Если Шакин и вправду отличается мышлением и взглядами от отца и брата, то каан может считать старшего сына неугодным наследником. Или же, напротив, мыслят они все едино, и тогда у нас под боком обосновался опасный враг.
– Любопытно…
В это мгновение калитка открылась, и во двор вошел мой телохранитель. Он кивнул, так показав, что всё готово. Улыбнувшись ему, я направилась к воротам. Что ж, гадать более смысла не было, сейчас всё и узнаем. На миг во мне зародилось сомнение. Возможно, стоило сразу отвести, если уж не в допросную, то хотя бы поговорить на подворье ягиров. К чему эти скачки? Но вскоре тряхнула головой и решила, что первая мысль самая верная. Пусть сначала расслабится, а после задам свои вопросы. С этим и покинула наше подворье.
Картина, представшая мне, была совершенно идиллической. Наш гость отличался от ягиров разве что одеждой да прической, в остальном он был своим. Это ясно чувствовалось по непринужденности, с которой он общался с воинами. И меня вновь кольнуло неприятное подозрение. Втерся в доверие? Если так, то ягиры более не воспринимают каанчи как чужака, а значит, могут быть менее воздержаны в словах, менее осторожны и внимательны, когда он рядом.
Однако я могла и ошибаться. Все-таки ягиры оставались ягирами, и скрытность была их выработанной чертой, стояли ли они с каменными лицами, или же весело смеялись. Открывались они только своим собратьям по оружию, и то только тем, с кем жили на одной земле. От остальных всё равно отгораживались незримым щитом. Хоть бы так…
Впрочем, все эти размышления не отразились на моем лице, на нем сияла приветливая улыбка. Выучка, полученная мною сначала от матушки, а после в королевском дворце, была не менее крепкой, чем выучка ягиров. Так или иначе, но лицемерие и некоторое двуличие было неотъемлемой чертой высшего света.

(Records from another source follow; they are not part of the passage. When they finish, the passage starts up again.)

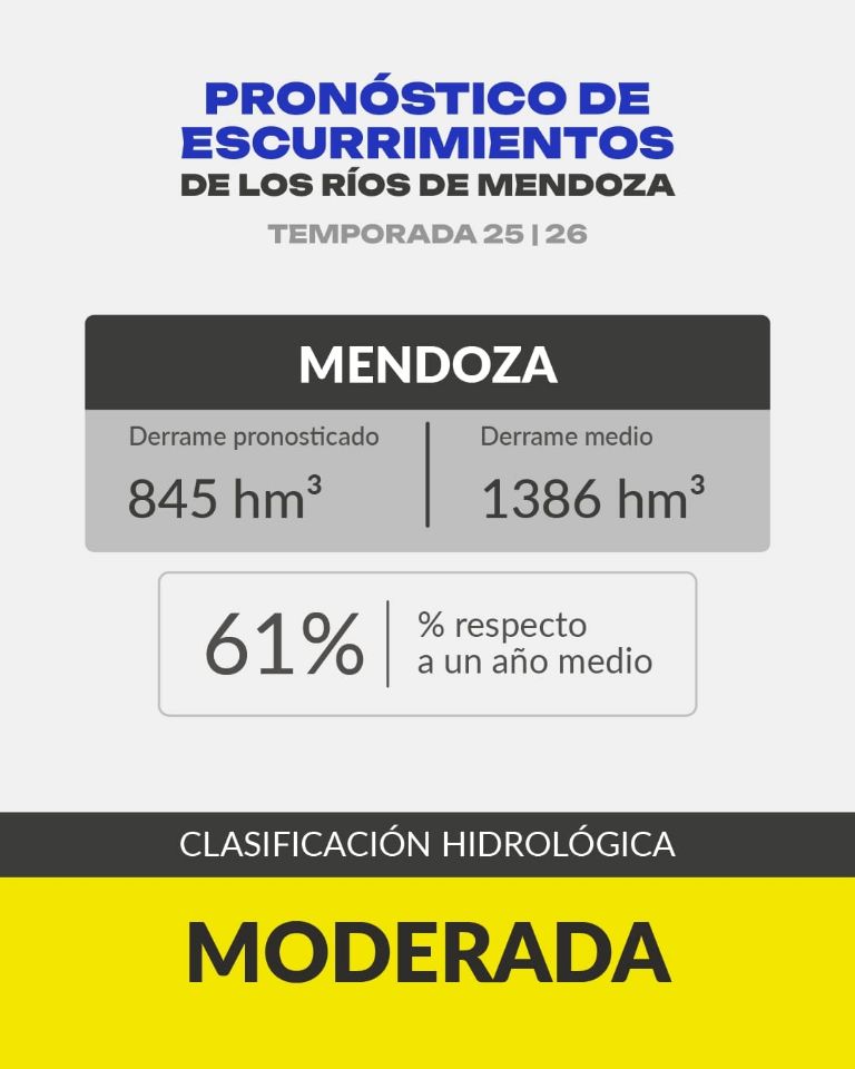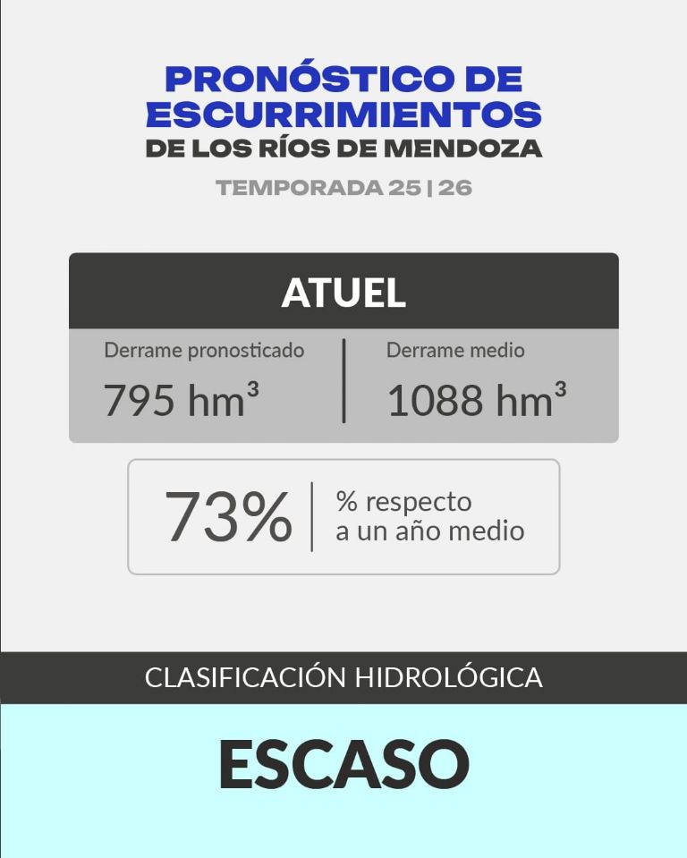 El año medio es 1.386 hm³ en ése río e Irrigación pronosticó para el Mendoza 845 hm³. De esos 845 hm3 hay que descontarle más de 250 hm3 para consumo de agua potable. “El volumen de agua que queda para la el resto de los usos indica que va a estar en un nivel de sequía hidrológica severa”, indicó Rubén Villodas, gerente de Gestión Hídrica de Irrigación. Los otros usos son riego agrícola, cinturón verdes, industrias, entre otros.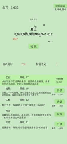 1.用钱砸魔王作为一款养肝护发的放置挂机类型的手游,900亿亿血的魔王来袭,而你要做的就是努力赚金币,赚的金币可以用来干什么?当然是砸魔王了。。。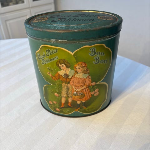 Plåtburk mwd motiv av ett Gammalt snyggt kylskåp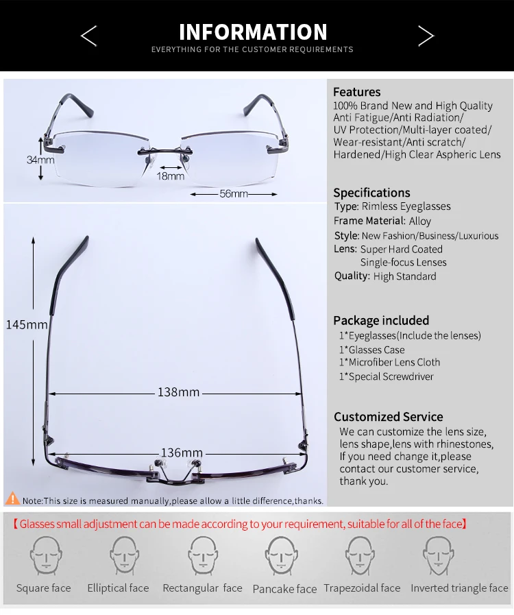 Изготовленный На Заказ титановый рецепт очки без оправы градусов ас...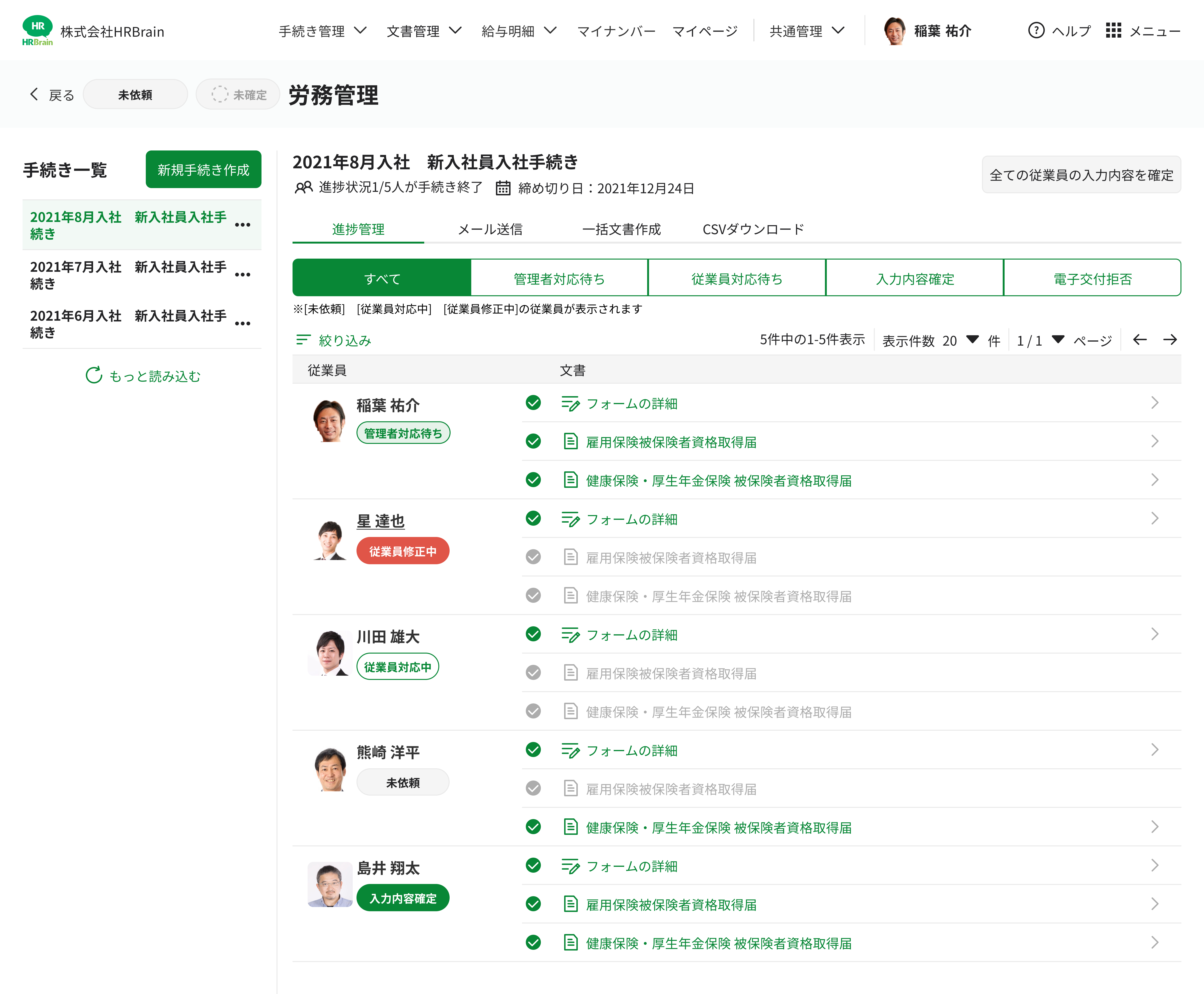「HRBrain労務管理」は、入退社手続きや年末調整で発生する人事労務業務をペーパーレス化することで、労務業務につきまとうリスクとコスト削減ができる労務管理システムです。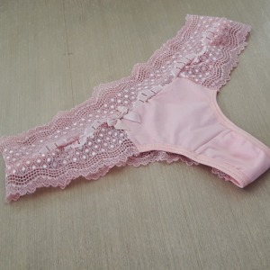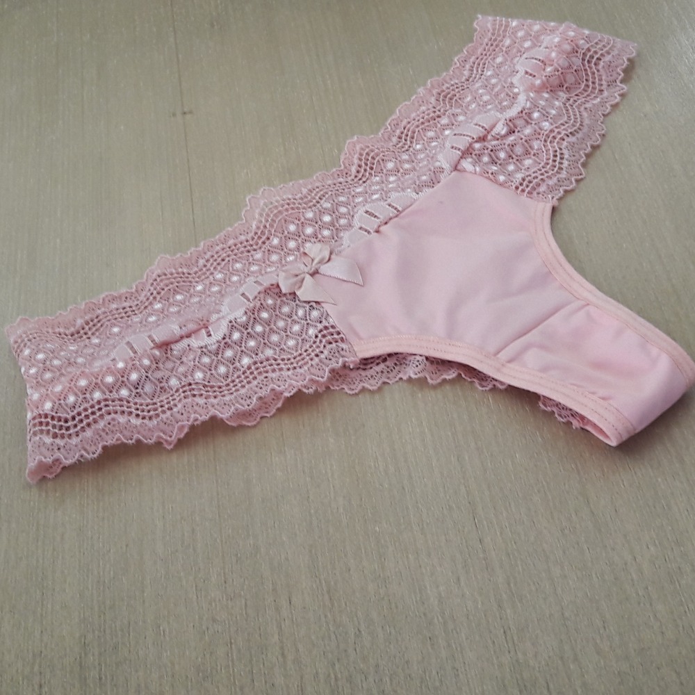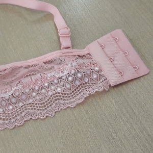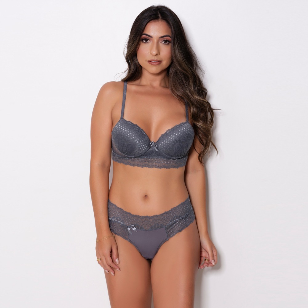 Composto por sutiã de bojo revestido em renda de poliamida e costado mais alongado, aro para maior conforto, alças fixas e reguláveis, fechamento traseiro por colchetes duplo. Calcinha modelo tanga, com frente em microfibra e parte de trás em renda. Detalhe em laço de cetim no decote do sutiã e lateral da calcinha.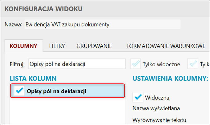 Rewizor nexo – Jak do widoku Ewidencji VAT zakupu dodać kolumnę Opisy pól na deklaracji?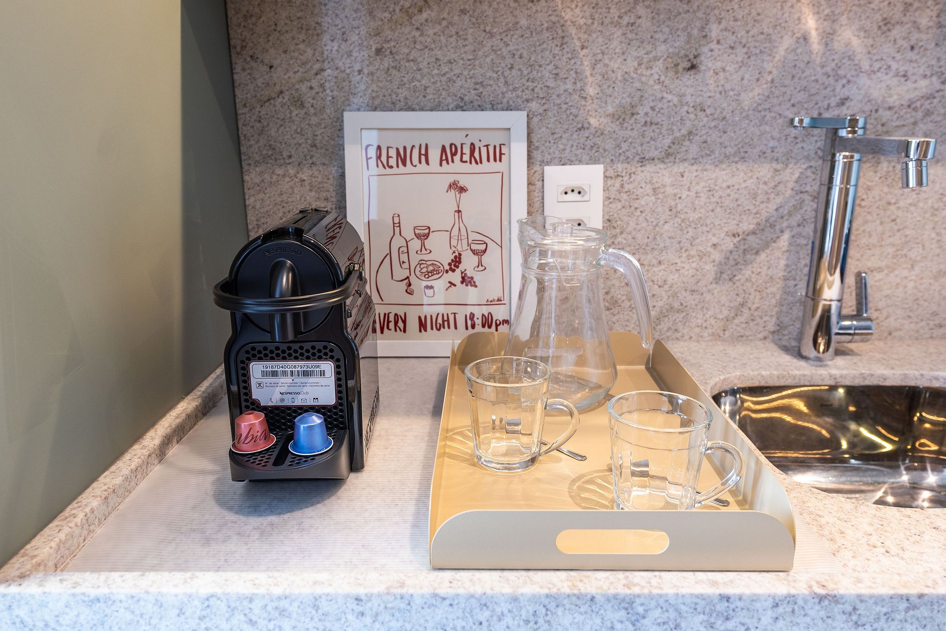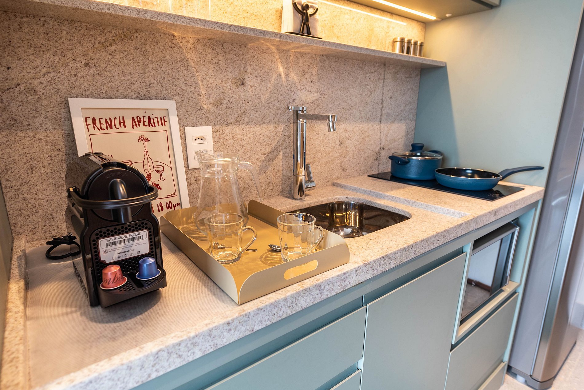 Uma cama queen-size aconchegante com lençóis macios e toalhas felpudas garantem uma noite de sono tranquila. A iluminação ambiente cria uma atmosfera relaxante, enquanto a parede ripada adiciona um toque de design contemporâneo. Na cozinha Compacta e completa, prepare suas refeições favoritas na cozinha bem equipada, que inclui micro-ondas, fogão elétrico de indução, geladeira, cafeteira Nespresso, utensílios de cozinha de qualidade e um kit de boas-vindas com café. Tudo o que você precisa para se sentir em casa, desde um café da manhã rápido até um jantar especial. Uma mesa moderna com duas cadeiras confortáveis serve tanto para refeições íntimas quanto para um espaço de trabalho produtivo, com vista para a cidade. Uma luminária de mesa elegante complementa o ambiente. Um banheiro moderno e funcional com chuveiro de box blindex e amenidades essenciais para sua conveniência. O revestimento em tons de verde-água confere um toque fresco e relaxante.

Не показывать своего истинного настроения, иметь всегда благожелательное выражение и прочее, и прочее, и прочее. А при Дворе все эти навыки должны быть умножены на десять. Так что наш гость видел перед собой «солнышко Ашити», а не дознавателя, готового к допросу.
– Милости Отца, – произнесла я, обращаясь ко всем разом.
– И тебе Его милости, дайнани, – ответили мне.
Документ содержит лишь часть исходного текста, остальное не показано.